= Beginning of Section =
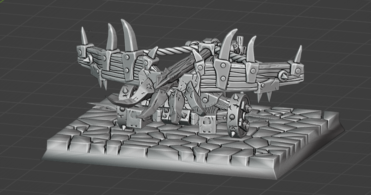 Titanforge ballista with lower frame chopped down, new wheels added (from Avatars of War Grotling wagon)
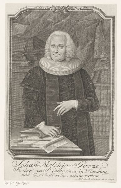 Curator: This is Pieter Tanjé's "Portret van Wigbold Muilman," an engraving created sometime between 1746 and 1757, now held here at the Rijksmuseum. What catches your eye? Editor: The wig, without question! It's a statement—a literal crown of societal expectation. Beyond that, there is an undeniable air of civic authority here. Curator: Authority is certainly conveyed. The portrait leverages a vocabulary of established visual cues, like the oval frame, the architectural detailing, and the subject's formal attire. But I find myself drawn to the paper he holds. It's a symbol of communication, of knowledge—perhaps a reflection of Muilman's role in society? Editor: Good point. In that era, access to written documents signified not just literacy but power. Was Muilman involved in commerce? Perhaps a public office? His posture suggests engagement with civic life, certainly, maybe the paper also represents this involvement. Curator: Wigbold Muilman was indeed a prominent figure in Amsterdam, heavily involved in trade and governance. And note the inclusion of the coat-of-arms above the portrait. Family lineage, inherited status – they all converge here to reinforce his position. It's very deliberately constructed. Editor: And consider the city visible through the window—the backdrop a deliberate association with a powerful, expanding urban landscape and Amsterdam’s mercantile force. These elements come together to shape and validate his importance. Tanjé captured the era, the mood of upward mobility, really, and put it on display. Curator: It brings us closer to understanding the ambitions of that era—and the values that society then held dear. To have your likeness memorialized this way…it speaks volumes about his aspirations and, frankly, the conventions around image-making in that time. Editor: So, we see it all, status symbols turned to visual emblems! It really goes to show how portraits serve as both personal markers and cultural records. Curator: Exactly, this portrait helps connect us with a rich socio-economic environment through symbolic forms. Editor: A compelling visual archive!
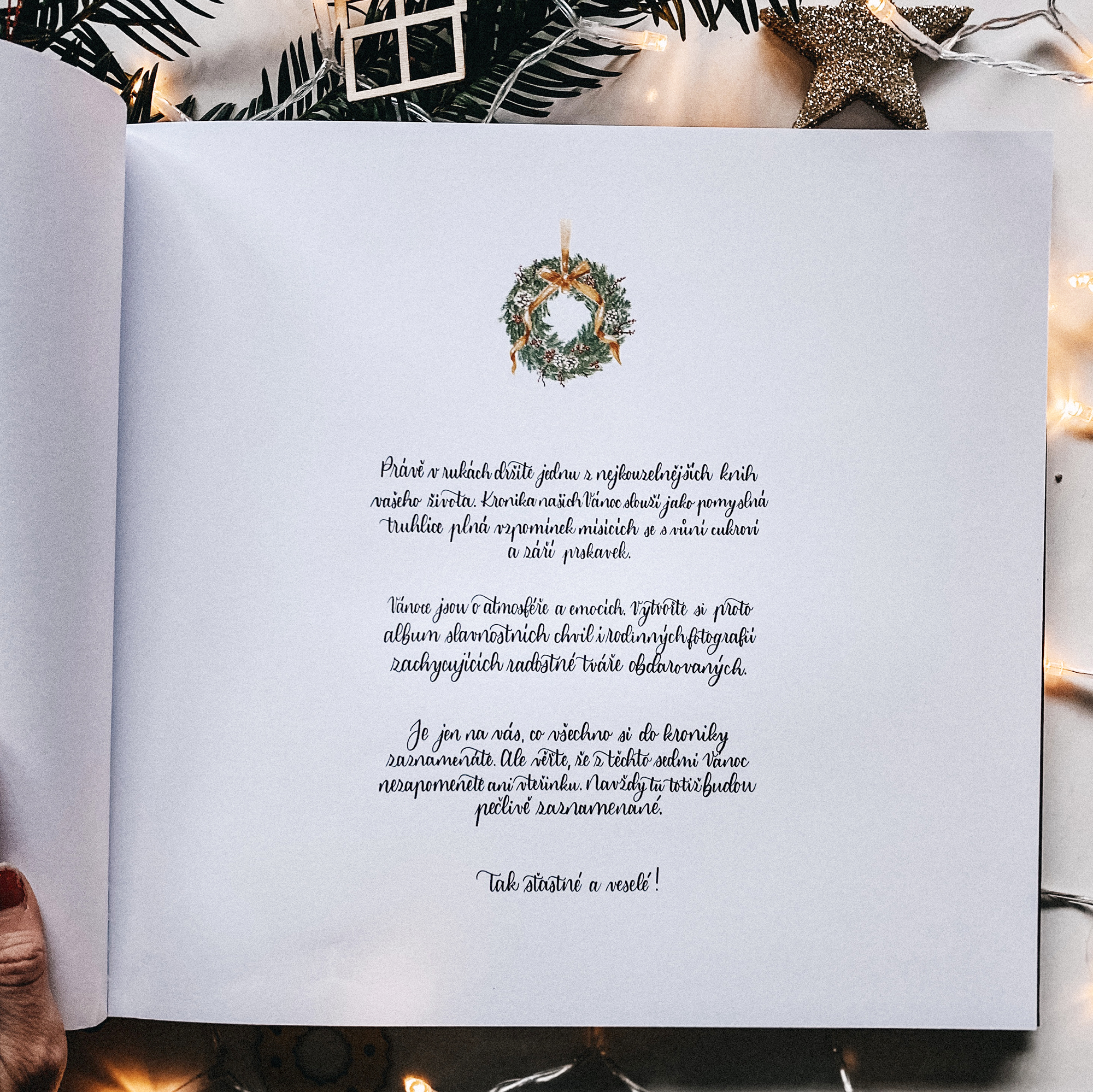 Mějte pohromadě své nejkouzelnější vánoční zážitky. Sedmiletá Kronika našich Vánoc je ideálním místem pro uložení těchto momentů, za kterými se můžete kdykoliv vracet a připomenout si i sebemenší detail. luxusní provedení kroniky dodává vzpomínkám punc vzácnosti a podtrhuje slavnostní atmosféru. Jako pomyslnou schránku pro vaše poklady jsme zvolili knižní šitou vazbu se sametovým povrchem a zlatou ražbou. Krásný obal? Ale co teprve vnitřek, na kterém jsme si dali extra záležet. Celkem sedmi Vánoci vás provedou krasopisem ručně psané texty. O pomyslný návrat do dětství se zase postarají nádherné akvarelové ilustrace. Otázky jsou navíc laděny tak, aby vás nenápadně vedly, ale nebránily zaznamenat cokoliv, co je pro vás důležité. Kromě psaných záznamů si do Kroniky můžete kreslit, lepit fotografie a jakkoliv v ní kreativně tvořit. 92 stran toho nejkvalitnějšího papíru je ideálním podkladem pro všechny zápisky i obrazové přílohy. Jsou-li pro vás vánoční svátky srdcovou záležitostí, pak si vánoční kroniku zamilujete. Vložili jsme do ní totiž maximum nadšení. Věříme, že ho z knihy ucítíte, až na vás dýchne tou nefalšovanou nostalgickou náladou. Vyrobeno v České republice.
= End of Section =
= Beginning of Section =
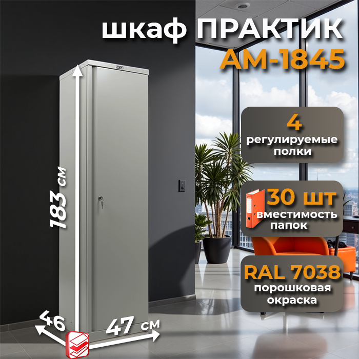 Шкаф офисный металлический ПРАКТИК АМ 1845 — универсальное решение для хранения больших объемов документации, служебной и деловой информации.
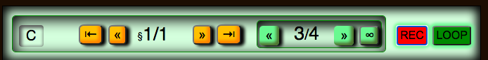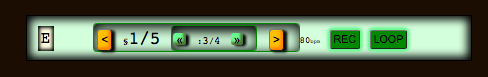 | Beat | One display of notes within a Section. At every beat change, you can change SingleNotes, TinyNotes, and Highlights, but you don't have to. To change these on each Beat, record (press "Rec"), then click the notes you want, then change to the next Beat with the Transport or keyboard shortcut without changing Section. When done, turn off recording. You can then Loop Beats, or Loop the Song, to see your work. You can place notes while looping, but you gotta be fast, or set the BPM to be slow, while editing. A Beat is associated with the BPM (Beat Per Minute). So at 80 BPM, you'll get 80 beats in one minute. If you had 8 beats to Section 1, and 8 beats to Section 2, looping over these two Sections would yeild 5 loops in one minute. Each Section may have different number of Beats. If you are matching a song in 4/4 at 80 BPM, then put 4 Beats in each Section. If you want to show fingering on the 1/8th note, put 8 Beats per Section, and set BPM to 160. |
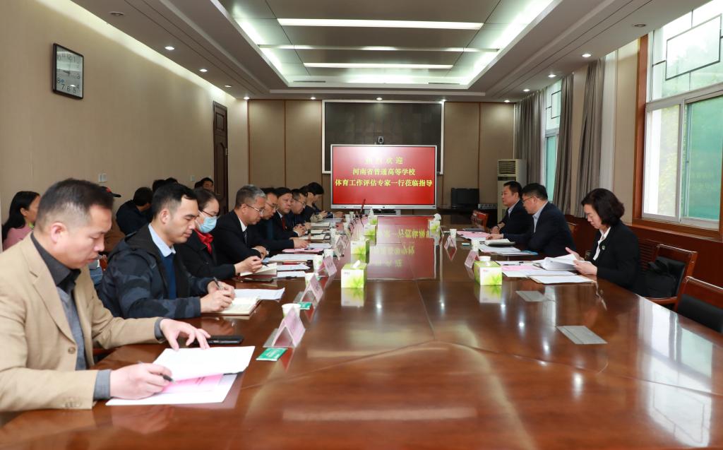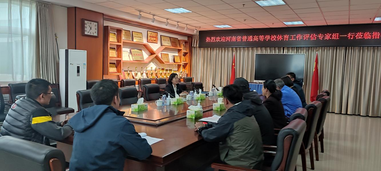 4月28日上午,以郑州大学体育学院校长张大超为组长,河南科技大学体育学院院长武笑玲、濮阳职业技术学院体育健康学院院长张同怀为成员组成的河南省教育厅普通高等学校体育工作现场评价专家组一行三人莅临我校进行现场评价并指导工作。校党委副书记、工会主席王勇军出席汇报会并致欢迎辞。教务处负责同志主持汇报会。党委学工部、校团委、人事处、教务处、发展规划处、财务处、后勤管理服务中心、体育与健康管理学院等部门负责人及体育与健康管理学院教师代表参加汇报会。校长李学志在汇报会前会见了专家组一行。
= End of Section =
§ **Exercise requirements**:
In the listing above, find the line holding "BPM to 160. |" and the line holding "4月28日上午,以郑州大学体". Reproduce those two lines and all between them exactly, leaving out pictures.

§ **Exercise response**:
 | Beat | One display of notes within a Section. At every beat change, you can change SingleNotes, TinyNotes, and Highlights, but you don't have to. To change these on each Beat, record (press "Rec"), then click the notes you want, then change to the next Beat with the Transport or keyboard shortcut without changing Section. When done, turn off recording. You can then Loop Beats, or Loop the Song, to see your work. You can place notes while looping, but you gotta be fast, or set the BPM to be slow, while editing. A Beat is associated with the BPM (Beat Per Minute). So at 80 BPM, you'll get 80 beats in one minute. If you had 8 beats to Section 1, and 8 beats to Section 2, looping over these two Sections would yeild 5 loops in one minute. Each Section may have different number of Beats. If you are matching a song in 4/4 at 80 BPM, then put 4 Beats in each Section. If you want to show fingering on the 1/8th note, put 8 Beats per Section, and set BPM to 160. |
 4月28日上午,以郑州大学体育学院校长张大超为组长,河南科技大学体育学院院长武笑玲、濮阳职业技术学院体育健康学院院长张同怀为成员组成的河南省教育厅普通高等学校体育工作现场评价专家组一行三人莅临我校进行现场评价并指导工作。校党委副书记、工会主席王勇军出席汇报会并致欢迎辞。教务处负责同志主持汇报会。党委学工部、校团委、人事处、教务处、发展规划处、财务处、后勤管理服务中心、体育与健康管理学院等部门负责人及体育与健康管理学院教师代表参加汇报会。校长李学志在汇报会前会见了专家组一行。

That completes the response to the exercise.